L’organisation des Nations Unies pour l’Alimentation et l’Agriculture (FAO) a récemment annoncé que la production mondiale de blé devrait augmenter de 3,2% en 2018 pour passer à 674 millions de tonnes. Ce chiffre reste cependant encore légèrement inférieur aux récoltes de 2017. Cette récente estimation de la FAO pourrait-elle ralentir la hausse, voire faire baisser le prix du blé ?

Plus de 60% en quelques mois

Depuis un an, les prix ont presque doublé. Le cours du blé de meunerie à Paris se négocie désormais 200 euros la tonne. Nous sommes encore loin du record de la dernière décennie lorsque le prix de la tonne de blé de meunerie avait atteint 290,5 euros. La tonne d’épeautre, ancêtre du blé qui est utilisé dans l’agriculture bio, risque cependant de dépasser ce seuil dans les prochains mois.
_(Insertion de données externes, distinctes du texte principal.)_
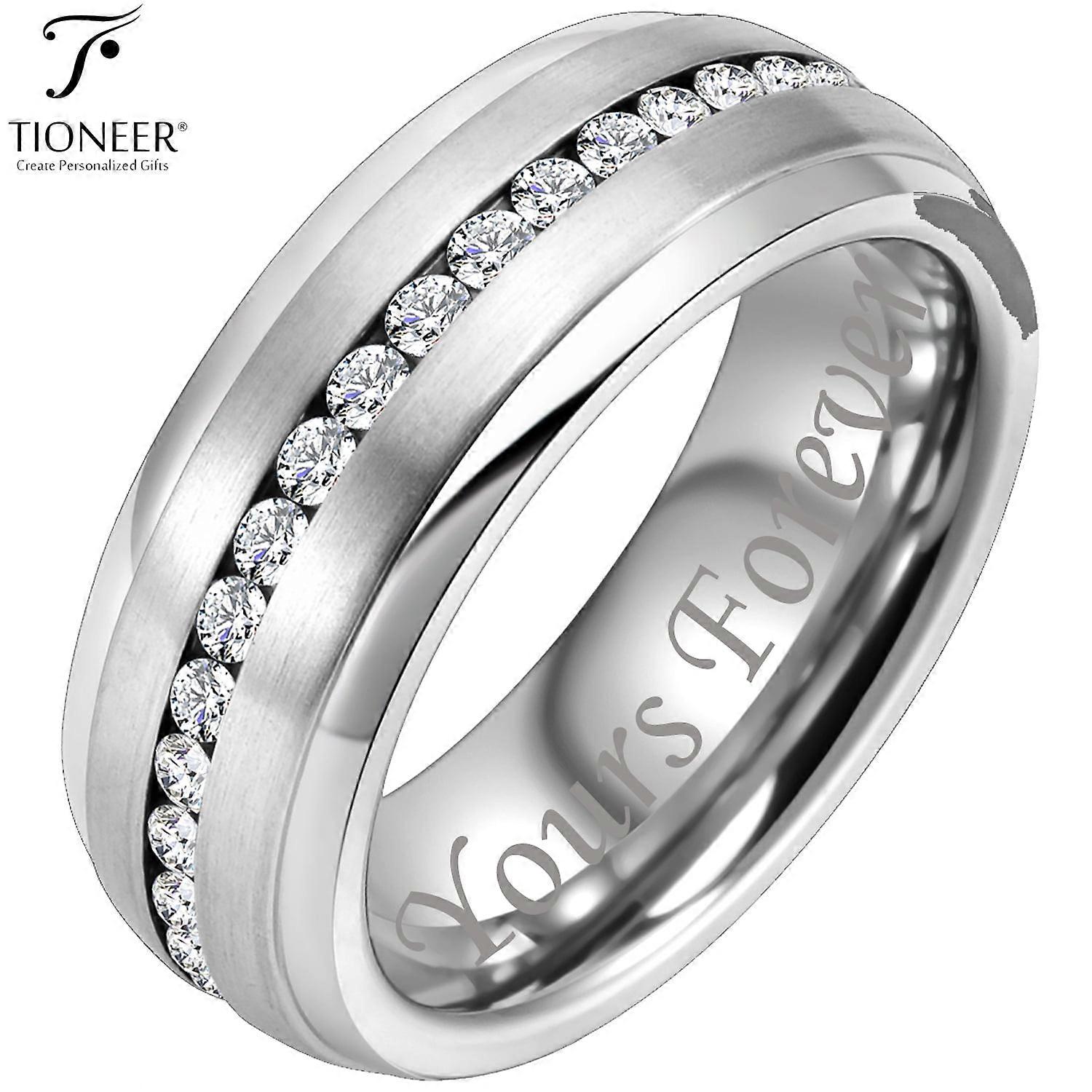 Tioneer Tungsten Carbide Wedding Band White CZ Eternity Style / Step Edges Silver or Black Ring 8mm

Or la croissance de la consommation de la céréale n’est pas près de ralentir. « La consommation mondiale de blé a été multipliée par quatre en l’espace d’un demi-siècle, passant ainsi de moins de 150 millions de tonnes consommées en 1946 à plus de 600 millions de tonnes en 2005″, explique la Conférence des Nations Unies sur l’environnement et le développement (CNUED). « Parmi les facteurs qui tirent la consommation de blé vers le haut, la croissance démographique ainsi que la migration des populations des campagnes vers les villes où le blé est davantage consommé, sont à mettre en exergue« , ajoute-t-elle.

Vraisemblablement, la demande pour le blé reste toujours supérieure à sa disponibilité au cours des dernières décennies. Cependant, son prix avait enregistré de lourdes baisses entre 2015 et 2016.

Pourquoi le blé dépend du pétrole ?

Il existe une forte corrélation entre les cours du blé et ceux du pétrole. Si l’on tient compte de l’inflation, le prix du blé avait atteint un record absolu en 1974 avec 650 dollars la tonne. Le crash pétrolier des années 70 était la principale raison de cette fièvre haussière. Lorsque le prix du pétrole monte, les coûts de production et de récolte du blé suivent. C’est la rançon de la mécanisation de l’agriculture.

Selon les récentes prévisions de Goldman Sachs, le prix du baril pour l’année 2018 ne dépassera pas le seuil des 80 $. En revanche, la Banque américaine estime que le prix du baril pourrait franchir les 100 $ dès 2020. Considérant la corrélation entre le cours du blé et du brut, le prix de la céréale va probablement poursuivre sa hausse sur les deux prochaines années malgré l’augmentation de la production.

La constante croissance démographique de la population mondiale conjuguée à une hausse du prix du baril devrait entraîner une hausse du prix de la tonne de blé dans les deux prochaines années.

Comment en profiter ? Avec les prix à la hausse, les exploitants investissent pour augmenter les rendements. Misez donc sur les semenciers, tels que le français Vilmorin, et les fabricants d’engrais tels que l’allemand K+S.